| Data segment |
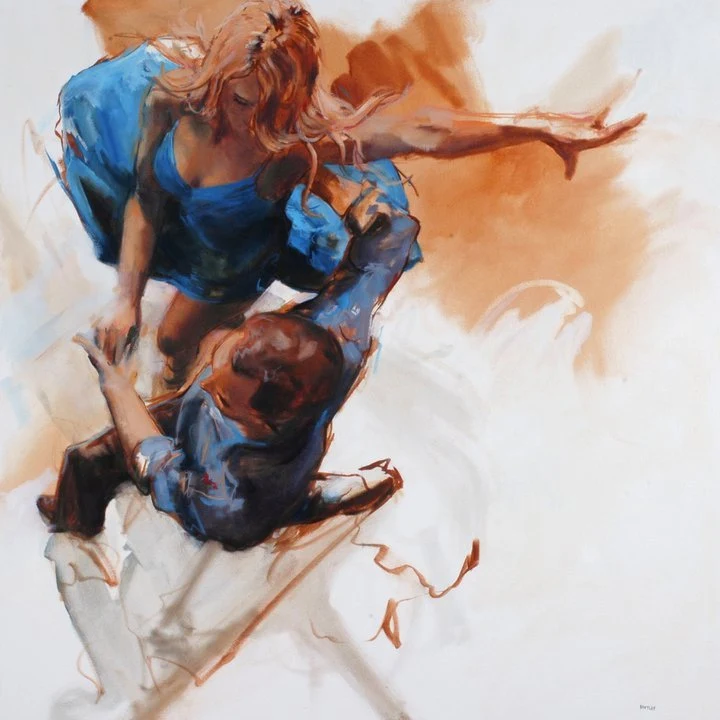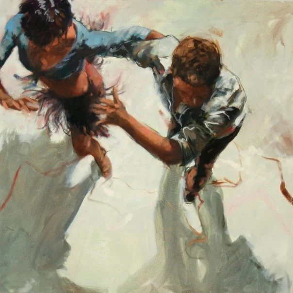 We, as people, are bound to the ones we love: we circle one another, we flirt, we pursue, we play, we cry, we want from another. My work has used dancing and playing couples to explore these dynamics".
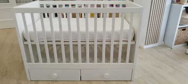 Detalles del productoCuna evolutiva de Ikea modelo Stuva, en color blanco. Perfecta para adaptarse al crecimiento del bebé.
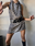 Vestido de seda brillosa, estampado animal print en gris y negro y con tiras para atar. Se puede usar del largo que prefieras subiéndolo o bajándolo del cuello, el volado queda tipo escote si se usa mas largo. Espalda descubierta.
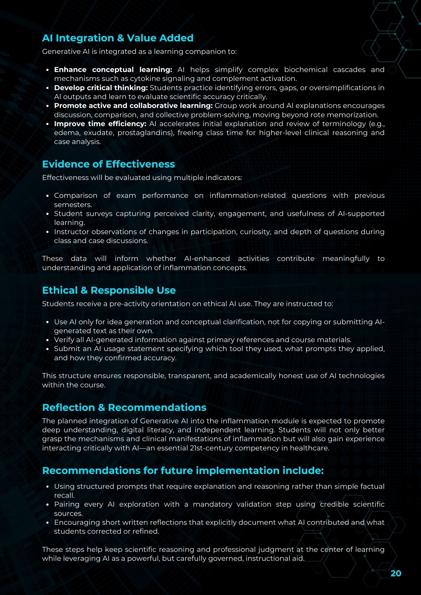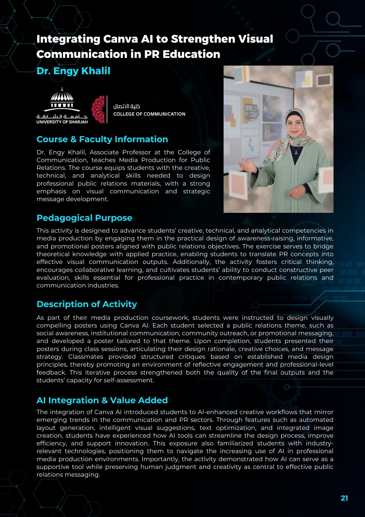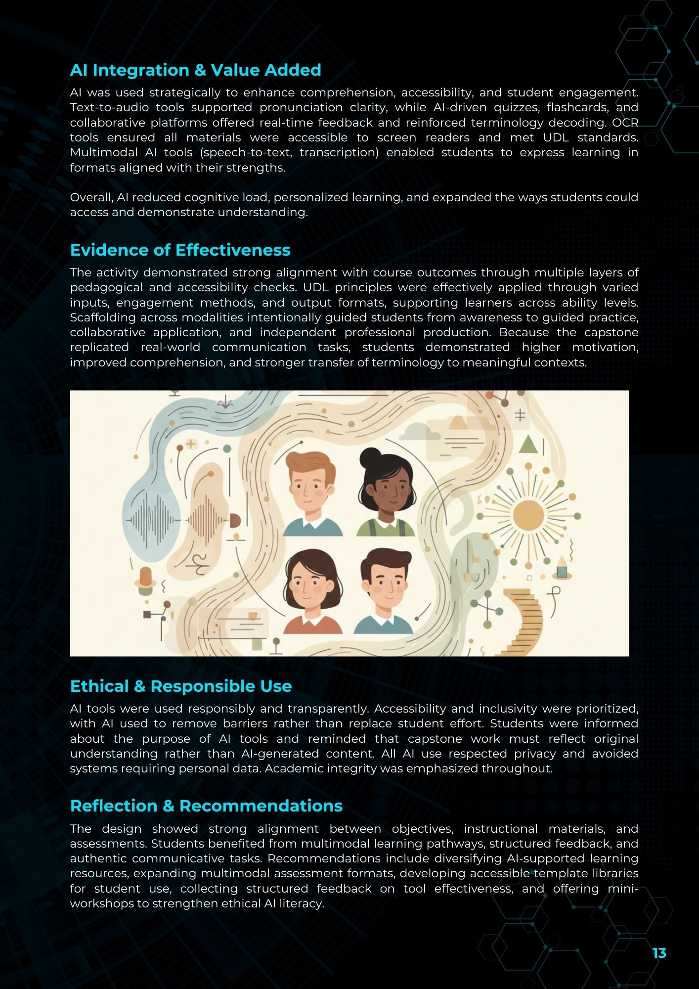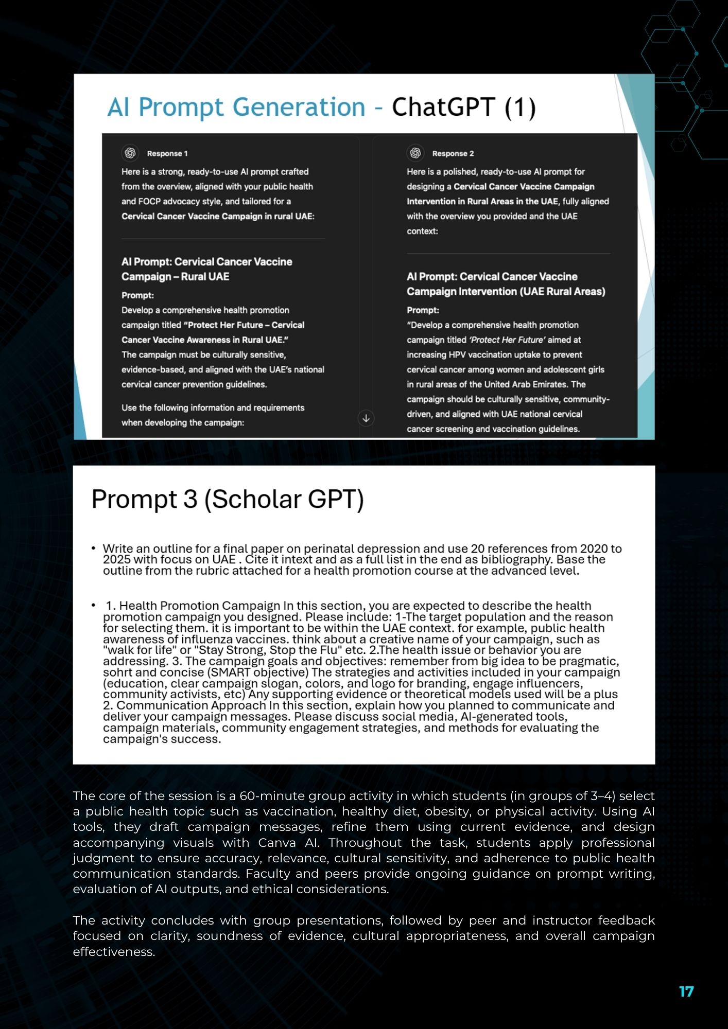 As part of the program’s certification requirements, participating faculty members developed practical applications demonstrating the use of generative AI within their disciplinary and instructional contexts.

| What the task requires |
The expected output is the lines from the line that contains "Vestido de seda" through the last line of the material, reproduced exactly, with both ends present and pictures absent.

| Solution |
 Vestido de seda brillosa, estampado animal print en gris y negro y con tiras para atar. Se puede usar del largo que prefieras subiéndolo o bajándolo del cuello, el volado queda tipo escote si se usa mas largo. Espalda descubierta.
 As part of the program’s certification requirements, participating faculty members developed practical applications demonstrating the use of generative AI within their disciplinary and instructional contexts.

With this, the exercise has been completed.